Friday, 4 April 2025

How real is paper wealth?

 

‘The markets’ have reacted fairly predictably to Trump’s puerile attempt at a conjuring trick by registering some dramatic drops. The analysts tell us that this reflects their pessimism about inflation, interest rates, and economic growth, all of which are likely to be adversely affected by the trade war which Trump has kicked off. Whilst I don’t doubt that economists (most of them, anyway – there are always some who’ll take a different view) do indeed see Trump’s actions as a threat to economic prosperity, I wonder if that’s what ‘the markets’ are really reacting to. It probably would be the case if markets were doing what classical economics says that they do, which is matching capital with investment opportunities in expectation of future profits. But if those same markets are actually more about gambling and speculation, which is probably the reality behind most trading, then what really drives them is an attempt to second guess what other players will do in response to tariffs in the hope of turning a profit by making a better guess than those other players.

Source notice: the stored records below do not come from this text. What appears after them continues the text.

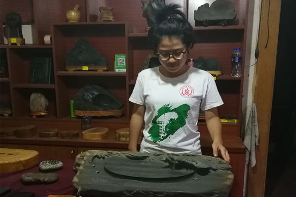 传统工艺技人还带领考察队成员亲自体验了砚石的鉴别方法。传统工艺技人一般采用看、摸、听、磨四种方法,讲究石色罗纹均匀细密、石色纯洁;眉纹典型分明,分布均匀;感觉细腻滋润如美人肌肤;声音如金属般清脆、如磬如铜;杀墨如风,磨墨如锉,下墨如油。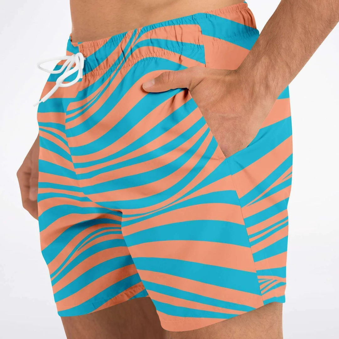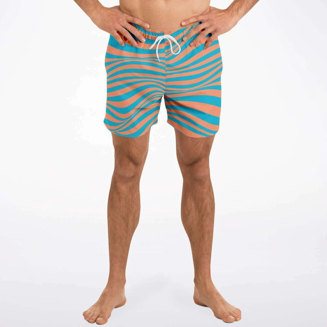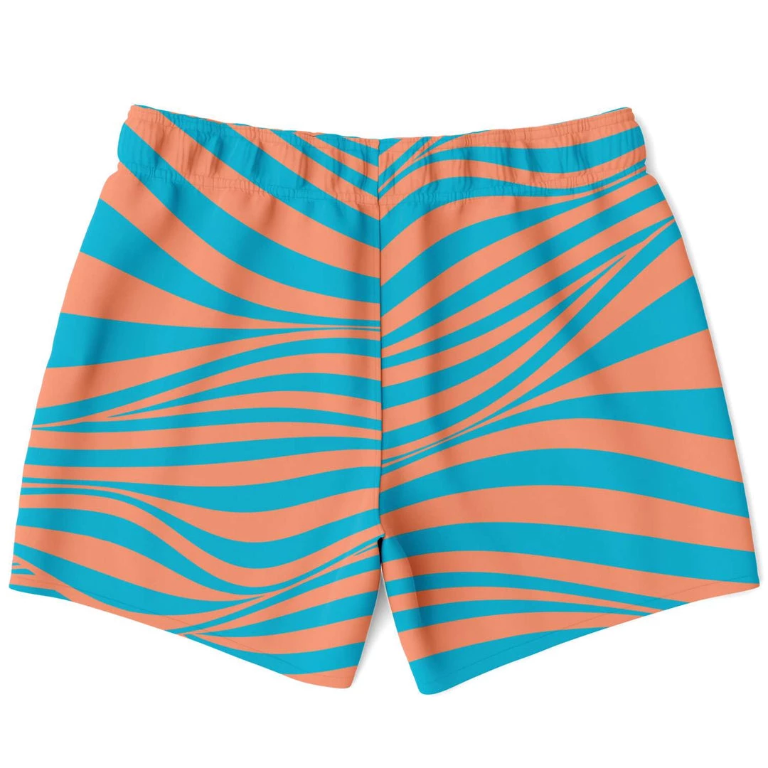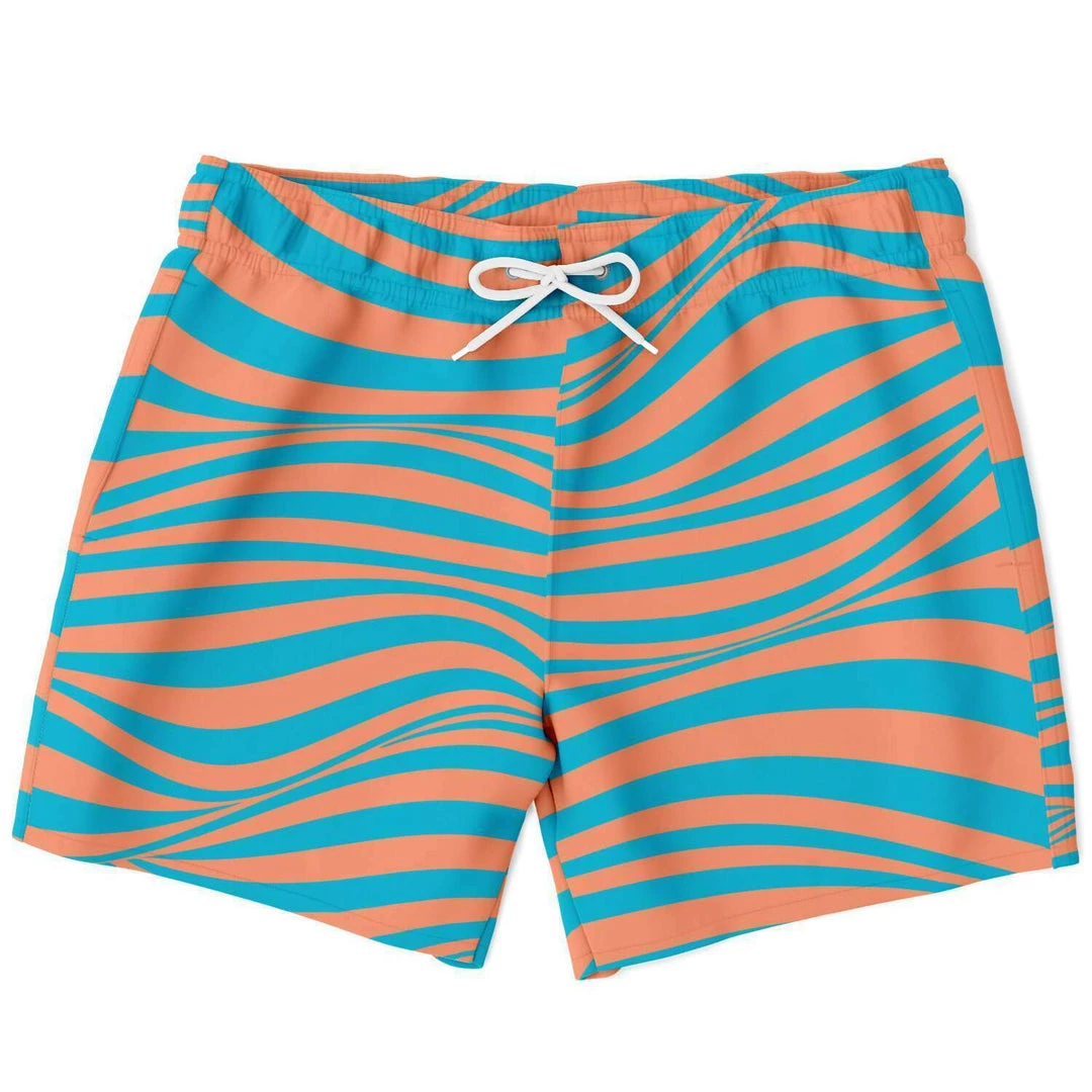 Our Sunset Water Swim Shorts feature a super cool water ripple pattern in blue and orange – perfect for Summer.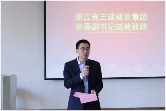 赵峰在致辞中介绍了浙江省三建建设集团有限公司基本情况,向现场师生解读了国企招聘相关政策,希望以此次战略合作签约为契机,全面加强院企双方在党建共建、实习就业等方面的深度合作,促进双方事业发展,实现交流合作常态化。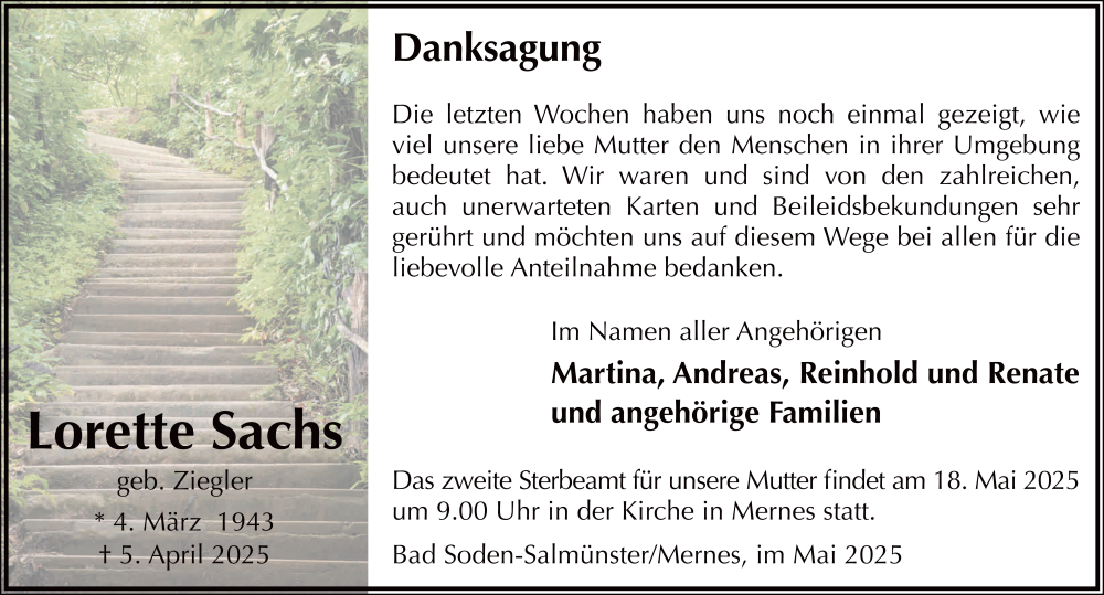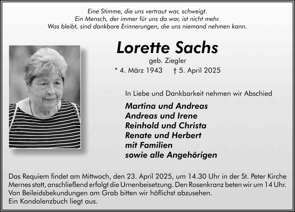 Hier finden Sie alle Traueranzeigen aus der Zeitung, die bisher für Lorette Sachs erschienen sind. Weitere Traueranzeigen, die in der Zeitung erscheinen, werden hier ebenfalls aufgelistet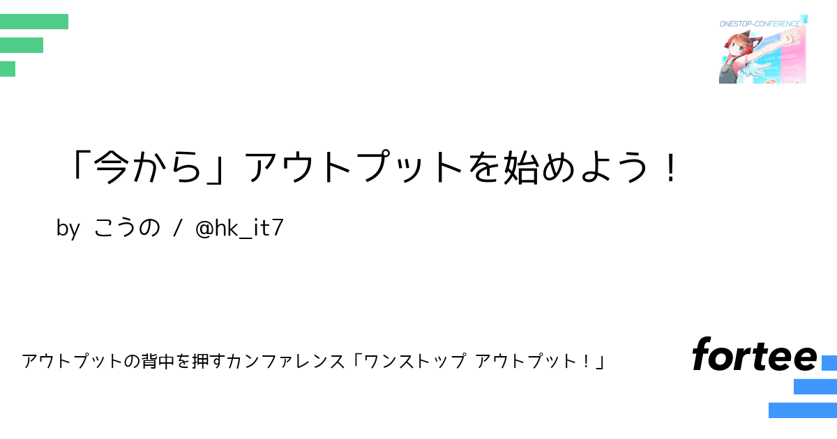 この登壇はアウトプットとは何かを考え直し、アウトプットへのハードルを下げることを目的としています。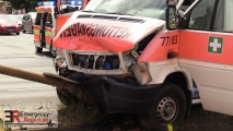 An der Unfallstelle bot sich den Einsatzkräften folgendes Bild: Unfallbeteiligt waren ein Rettungswagen eines privaten Unternehmens, dass nicht aus Düsseldorf kommt und ein PKW, die aus bisher ungeklärter Ursache miteinander kollidierten.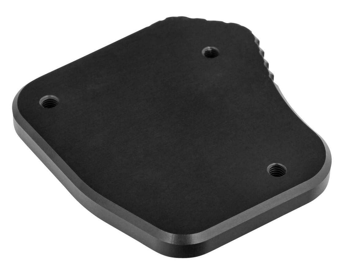 Precision machined enlarger plate is manufactured from 8mm thick aluminum alloy. The shape of the side stand enlarger is designed so that the stand will still fold away as before, but the area of the stand is INCREASED BY 100%.

It underlines that share prices an extremely poor indicator of economic value; they often bear little relation to the value of the underlying economic assets which they nominally represent. And their volatility makes them a poor measure of the wealth of their owners. To take just one simple but current example, the share price of Tesla has plummeted since Musk got involved with Trump’s administration. He’s still a very wealthy man, on paper, but his total wealth is apparently a lot less now than it was a few months ago. In his case, the scale of things means that it makes little practical difference, but the question is whether ‘paper wealth’ is a sound basis for assessing anything.

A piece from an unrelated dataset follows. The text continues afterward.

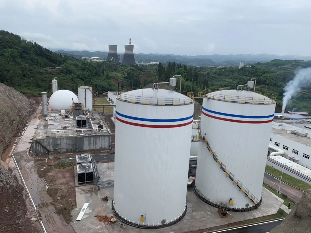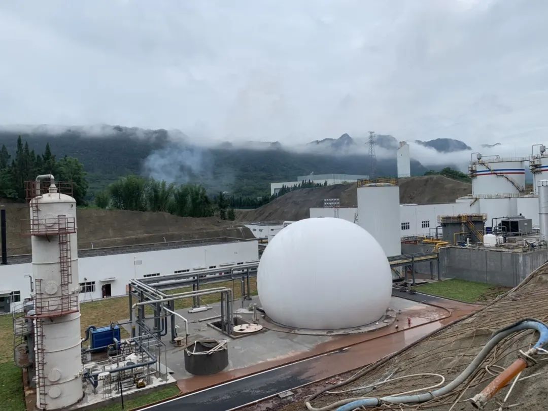 現(xiàn)場的設(shè)備涉及到厭氧罐、調(diào)節(jié)罐、中儲(chǔ)罐、干式脫硫塔、沼氣儲(chǔ)罐、脫氮罐、火炬、MBR膜系統(tǒng)、熱平衡系統(tǒng)等。如圖所示: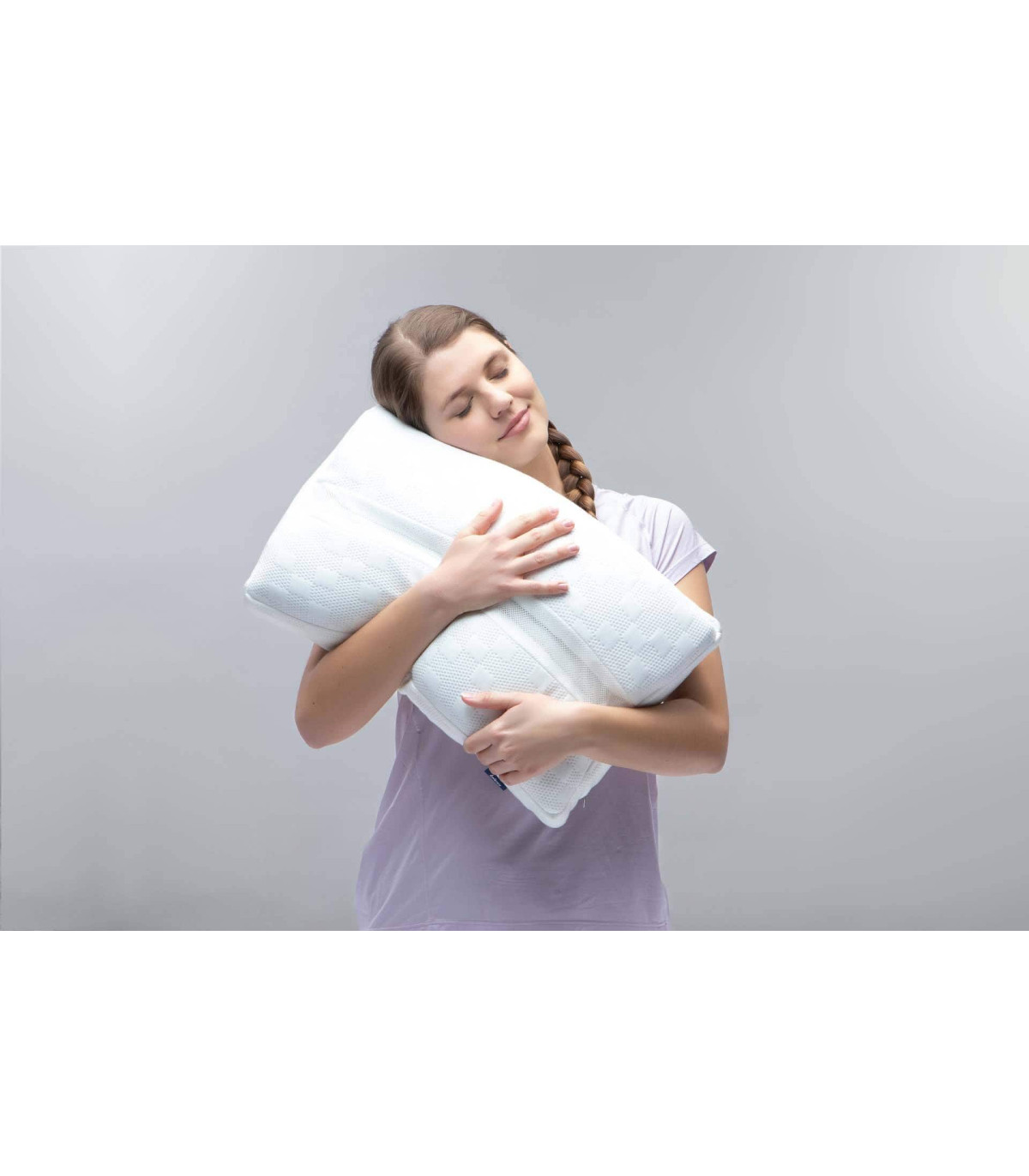 Ein atmungsaktives Stützkissen aus Gelschaum mit einer einzigartigen Klimazone für optimalen Feuchtigkeits- und Temperaturausgleich. Es entlastet den Kopf und stützt den Nacken, und ist höhenverstellbar für verschiedene Körpertypen und Schlafpositionen.

That’s relevant in the context of the increasingly strident calls for a wealth tax here in the UK. Whilst the idea appeals to many of us, assessing the amount of wealth owned by an individual is not a simple or straightforward task, especially if the value of a significant component of that wealth can vary from day to day – or even hour to hour. And non-paper wealth – property, land etc. – is not easily realisable or assessable without being realised. What is easier to assess, albeit still difficult when the tax system is complicated and people can afford to pay expensive advisers (although both of those obstacles could be overcome by a government intent on fairness), is the income generated by that wealth including, of course, any increase in value from the date of acquisition to the date of disposal of any asset. We certainly should do more to tax the wealthy, but taxing the wealthy isn’t necessarily the same thing as taxing their wealth. Their income is a lot easier to get at.